W&M Featured Events
[PAST EVENT] Mathematics Colloquium and EXTREEMS-QED Lecture: Rui Zhang (University of Colorado at Boulder)
Abstract:
The study of viral marketing strategies on social networks has become an area of significant research interest. Roughly, these problems seek to identify which individuals in a social network to target so that a given proportion of the target population is influenced at minimum cost. Motivated by the desire to develop a better understanding of fundamental problems in social network analytics, we study problems in this domain and seek to develop mathematical programming approaches to solve them exactly. In this talk, we focus on a combinatorial optimization problem referred to as the weighted target set selection (WTSS) problem. Earlier research focused on approximation algorithms for the unweighted case of the problem which is known to be NP-hard. Our work makes three contributions. First, we propose a polynomial time algorithm for the WTSS problem on trees. Second, we present a tight and compact extended formulation for the WTSS problem on trees. Specifically, we provide an extended linear programming formulation whose projection onto the space of the natural node variables is the convex hull of feasible target set vectors. We also project the formulation onto the space of the natural node variables and describe the polytope of the WTSS problem on trees. Third, we focus on general graphs and build upon the result for trees.
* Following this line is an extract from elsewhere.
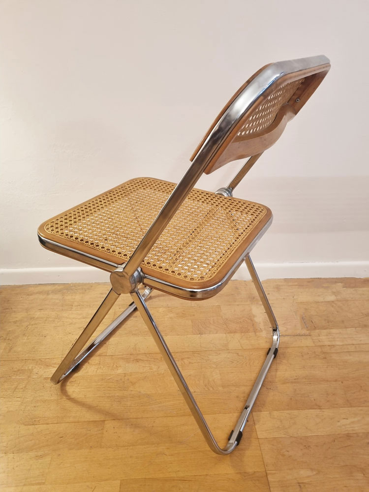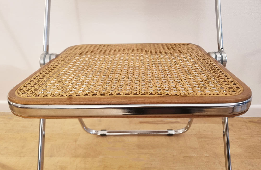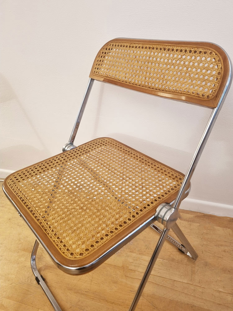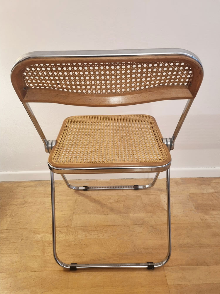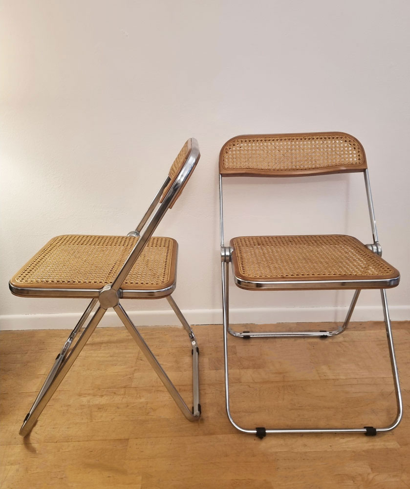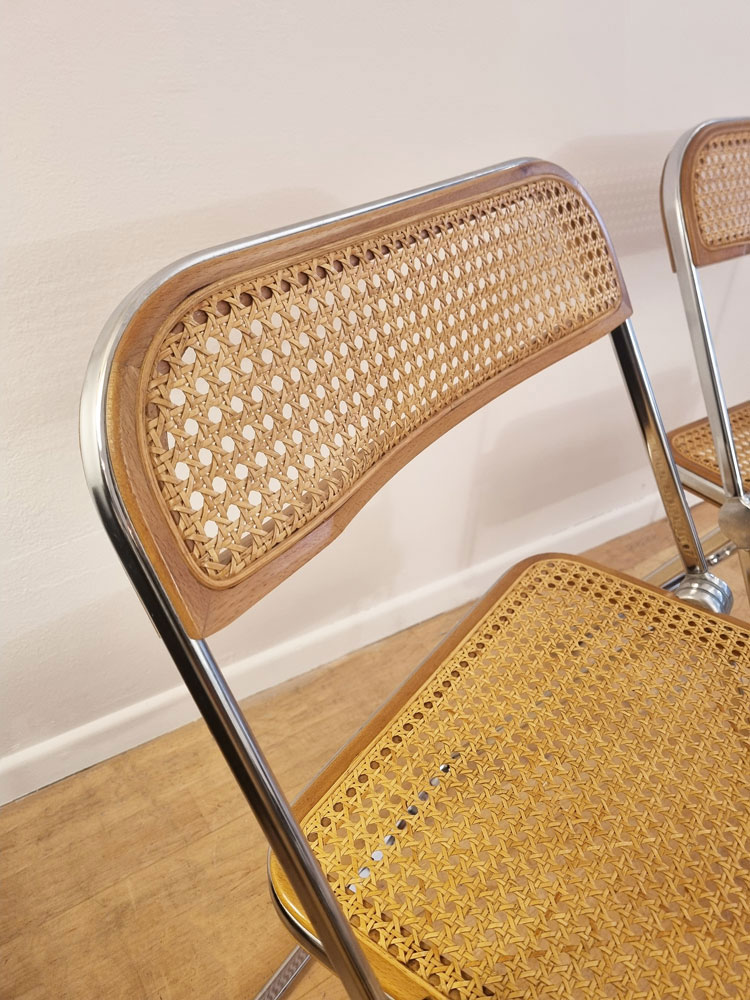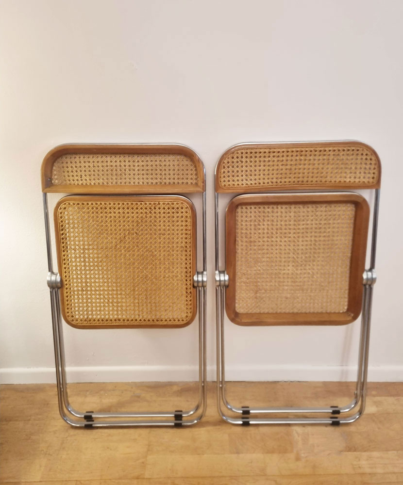 Chaises Plia Cane en acier chromé, hêtre et cannage viennois

Based on the observation that the influence propagation network is acyclic, we add an exponential set of inequalities that enforce this condition and show how to apply the extended formulation for the tree case to arbitrary graphs. Using this idea, we design and implement a branch-and-cut approach to solve the WTSS problem on arbitrary graphs and share our computational experience on simulated and real-world networks with up to 10,000 nodes. Extensions of this work to related problems and variants will be discussed.